#### DATASET EXTRACT
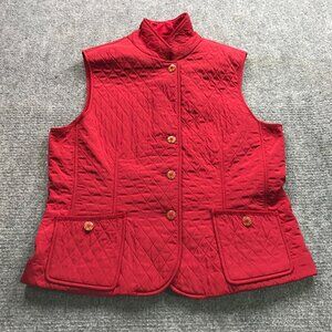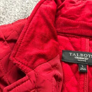 Talbots Vest Womens L Petite Quilted Red Corduroy Collar Button Close Classic
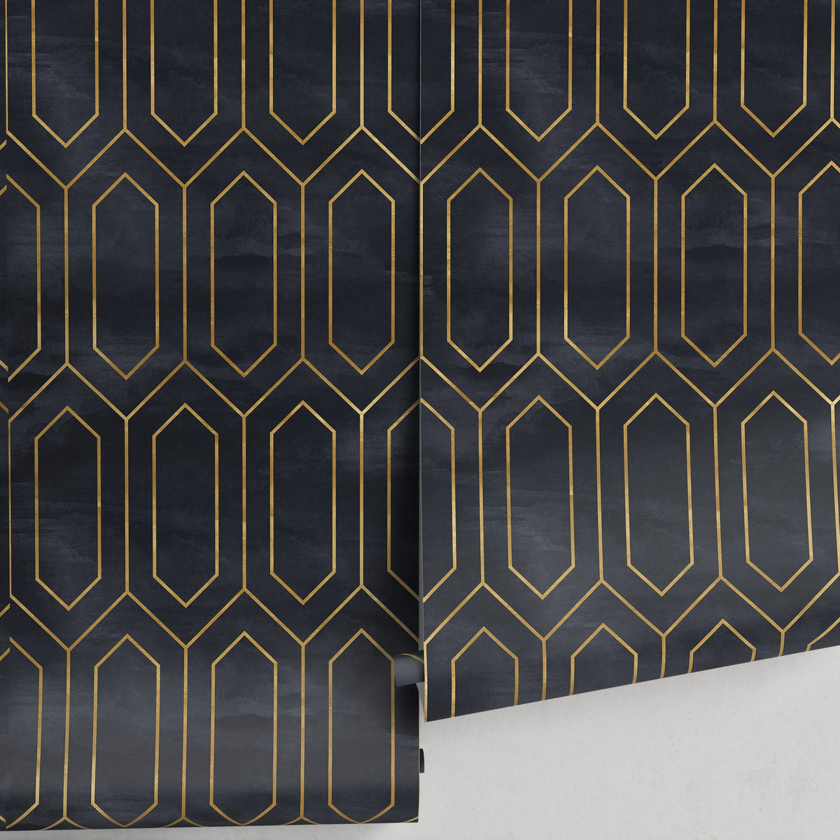 Introduce timeless elegance to your space with this stunning Art Deco Wallpaper. Featuring a sophisticated geometric honeycomb motif in classic Black and Gold, this design creates a bold and luxurious statement perfect for elevating your home decor. The striking gold lines on a deep black background provide a dramatic and opulent feel, turning any wall into a captivating piece of art.
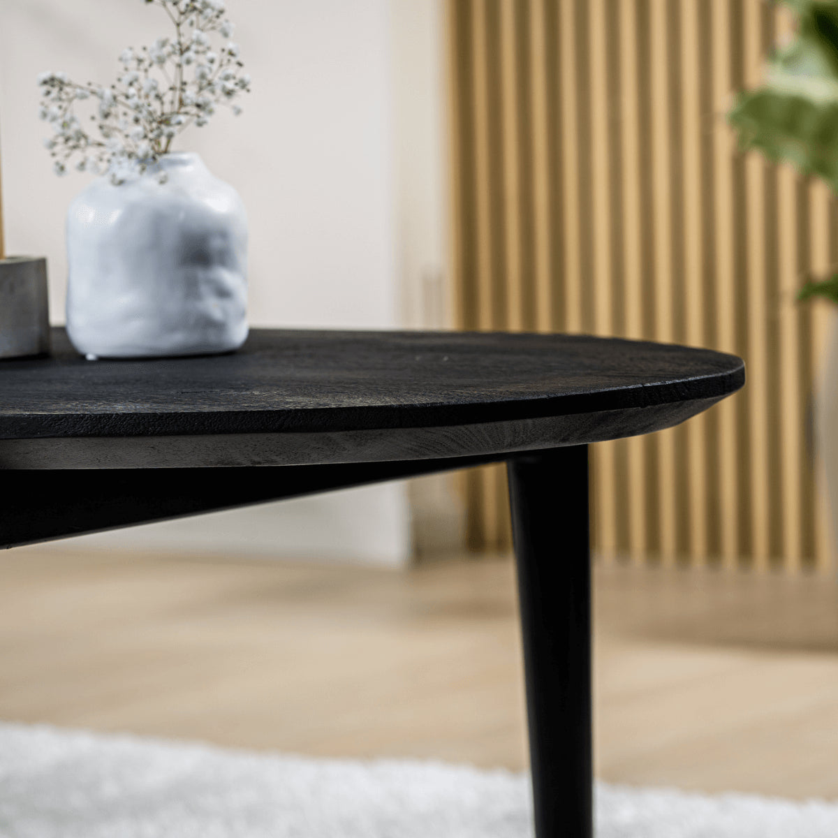 De Milan ovale salontafel van Vurna is een prachtige toevoeging aan jouw woonkamer. Met zijn moderne uitstraling en sterke basis van mangohout is deze salontafel een ware eyecatcher. De tafel is uitgevoerd in een diepzwarte kleur die zorgt voor een stijlvolle en moderne look. Het gebruik van mangohout maakt de tafel niet alleen duurzaam, maar ook uniek. Doordat mangohout een natuurlijk product is, heeft elk meubelstuk zijn eigen unieke tekening en uitstraling. Met een afmeting van 120x60cm biedt de tafel voldoende ruimte om jouw hapjes en drankjes op te serveren. Of je nu een feestje geeft of gewoon lekker op de bank hangt, de Milan ovale salontafel is een handige en praktische aanvulling op jouw interieur. Door zijn ovale vorm past hij bovendien gemakkelijk in elke woonkamer. Het onderstel van de tafel bestaat uit vier zwarte poten die op een speelse manier zijn vormgegeven. Dit zorgt voor een eigentijdse uitstraling die goed past bij een modern of landelijk interieur. Door het gebruik van zwart krijgt de tafel bovendien een stoere en robuuste uitstraling. De Milan ovale salontafel is niet alleen geschikt als salontafel, maar kan ook dienst doen als bijzettafel. Zet hem naast je favoriete fauteuil of bank en je hebt altijd een handige plek om je drankje of boek neer te zetten. Door zijn duurzame materialen en tijdloze uitstraling is deze tafel een investering voor de toekomst. Milan is verkrijgbaar in verschillende uitvoeringen, kijk hiervoor op onze website.

#### TASK DESCRIPTION
What is needed here is an exact transcript of the data above, pictures excluded.

#### RESULT
 Talbots Vest Womens L Petite Quilted Red Corduroy Collar Button Close Classic
 Introduce timeless elegance to your space with this stunning Art Deco Wallpaper. Featuring a sophisticated geometric honeycomb motif in classic Black and Gold, this design creates a bold and luxurious statement perfect for elevating your home decor. The striking gold lines on a deep black background provide a dramatic and opulent feel, turning any wall into a captivating piece of art.
 De Milan ovale salontafel van Vurna is een prachtige toevoeging aan jouw woonkamer. Met zijn moderne uitstraling en sterke basis van mangohout is deze salontafel een ware eyecatcher. De tafel is uitgevoerd in een diepzwarte kleur die zorgt voor een stijlvolle en moderne look. Het gebruik van mangohout maakt de tafel niet alleen duurzaam, maar ook uniek. Doordat mangohout een natuurlijk product is, heeft elk meubelstuk zijn eigen unieke tekening en uitstraling. Met een afmeting van 120x60cm biedt de tafel voldoende ruimte om jouw hapjes en drankjes op te serveren. Of je nu een feestje geeft of gewoon lekker op de bank hangt, de Milan ovale salontafel is een handige en praktische aanvulling op jouw interieur. Door zijn ovale vorm past hij bovendien gemakkelijk in elke woonkamer. Het onderstel van de tafel bestaat uit vier zwarte poten die op een speelse manier zijn vormgegeven. Dit zorgt voor een eigentijdse uitstraling die goed past bij een modern of landelijk interieur. Door het gebruik van zwart krijgt de tafel bovendien een stoere en robuuste uitstraling. De Milan ovale salontafel is niet alleen geschikt als salontafel, maar kan ook dienst doen als bijzettafel. Zet hem naast je favoriete fauteuil of bank en je hebt altijd een handige plek om je drankje of boek neer te zetten. Door zijn duurzame materialen en tijdloze uitstraling is deze tafel een investering voor de toekomst. Milan is verkrijgbaar in verschillende uitvoeringen, kijk hiervoor op onze website.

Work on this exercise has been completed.